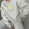 Das Set in einem dezenten Grau gehalten besteht aus einem bequemen Sweatshirt und einer passenden Jogginghose und ist perfekt für entspannte Tage zu Hause oder aktive Stunden unterwegs.
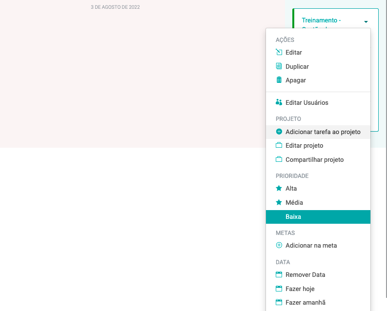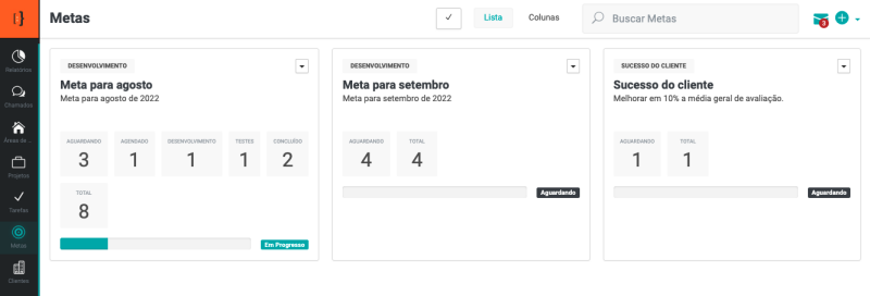 Diferente da área de trabalho, onde o projeto e todas as suas tarefas são relacionadas, na meta você poderá relacionar tarefas de diversos projetos.
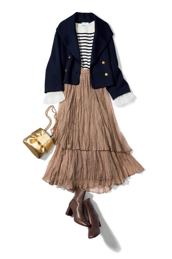 ボーダーニット¥16,400/アルページュ ストーリー ネイビーコート¥23,980/SNIDEL スカート¥20,900/マイストラーダ バッグ¥7,700/カカトウ(アンビリオン) 靴¥28,600/ダイアナ(ダイアナ銀座本店)
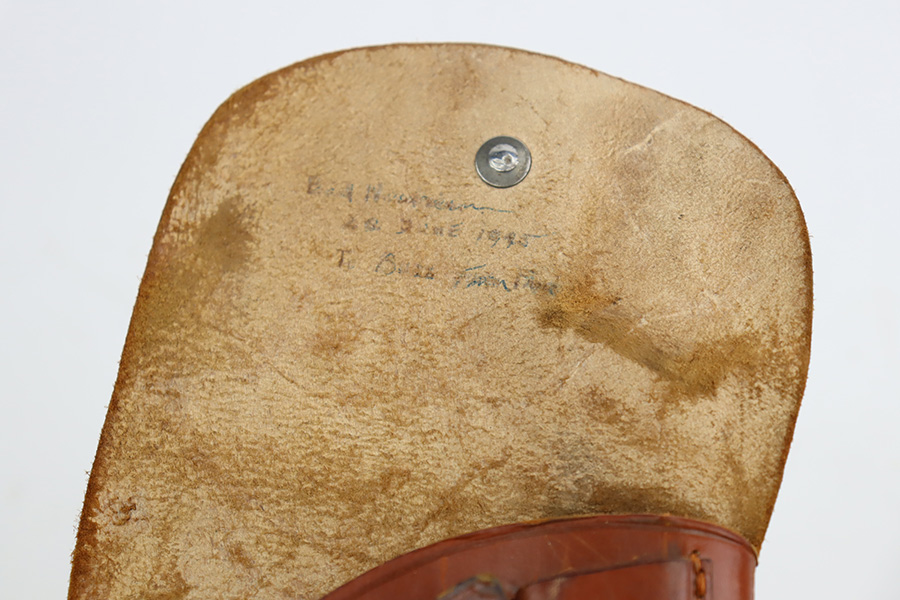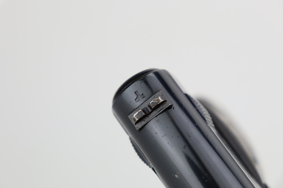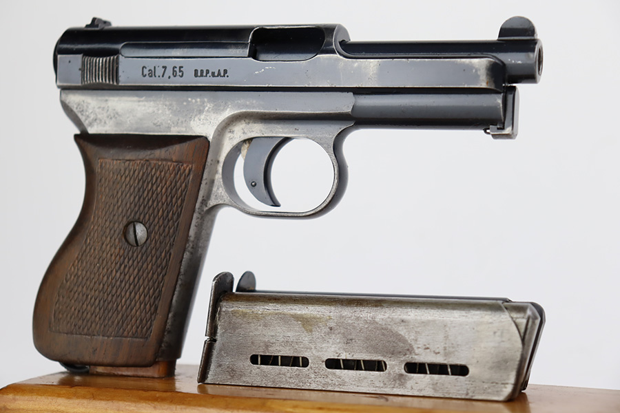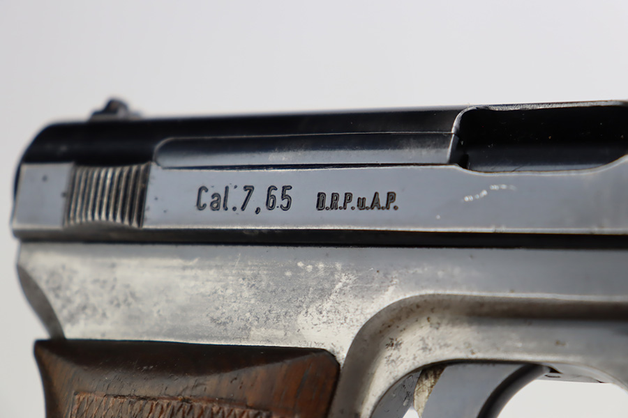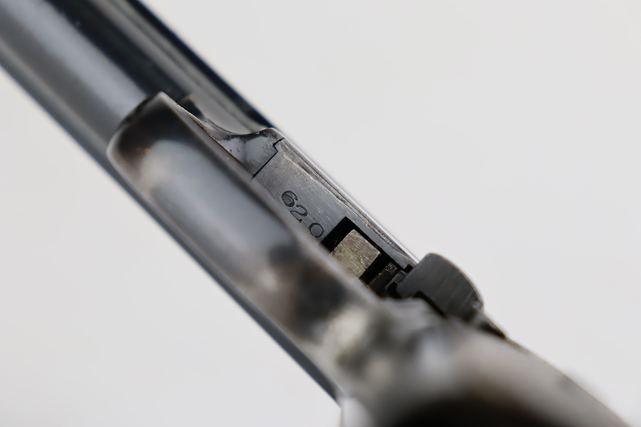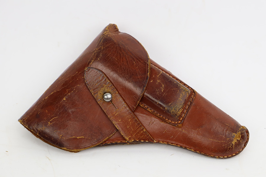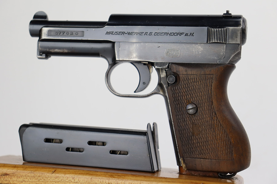 9/25/23 – This is a nice example of a Mauser Model 1934 sold in the commercial market around 1940. It is all matching and properly “Eagle N” proofed. It comes as a rig with a period-correct tan leather holster and two magazines (one is reproduction). The gun itself has retained roughly half of its original high polish finish. There are areas of splotchy wear, most obvious on the frame (where there is also some pin-pricking). Fitted with a period-correct wood grip – tiny chip in the bottom left corner. The bore has good rifling, but there is pin-pricking throughout.

----

§ **WHAT IS NEEDED**
With pictures excluded, the data must be transcribed in full and to the letter.

§ **ANSWER FOR THE TASK**
 Das Set in einem dezenten Grau gehalten besteht aus einem bequemen Sweatshirt und einer passenden Jogginghose und ist perfekt für entspannte Tage zu Hause oder aktive Stunden unterwegs.
 Diferente da área de trabalho, onde o projeto e todas as suas tarefas são relacionadas, na meta você poderá relacionar tarefas de diversos projetos.
 ボーダーニット¥16,400/アルページュ ストーリー ネイビーコート¥23,980/SNIDEL スカート¥20,900/マイストラーダ バッグ¥7,700/カカトウ(アンビリオン) 靴¥28,600/ダイアナ(ダイアナ銀座本店)
 9/25/23 – This is a nice example of a Mauser Model 1934 sold in the commercial market around 1940. It is all matching and properly “Eagle N” proofed. It comes as a rig with a period-correct tan leather holster and two magazines (one is reproduction). The gun itself has retained roughly half of its original high polish finish. There are areas of splotchy wear, most obvious on the frame (where there is also some pin-pricking). Fitted with a period-correct wood grip – tiny chip in the bottom left corner. The bore has good rifling, but there is pin-pricking throughout.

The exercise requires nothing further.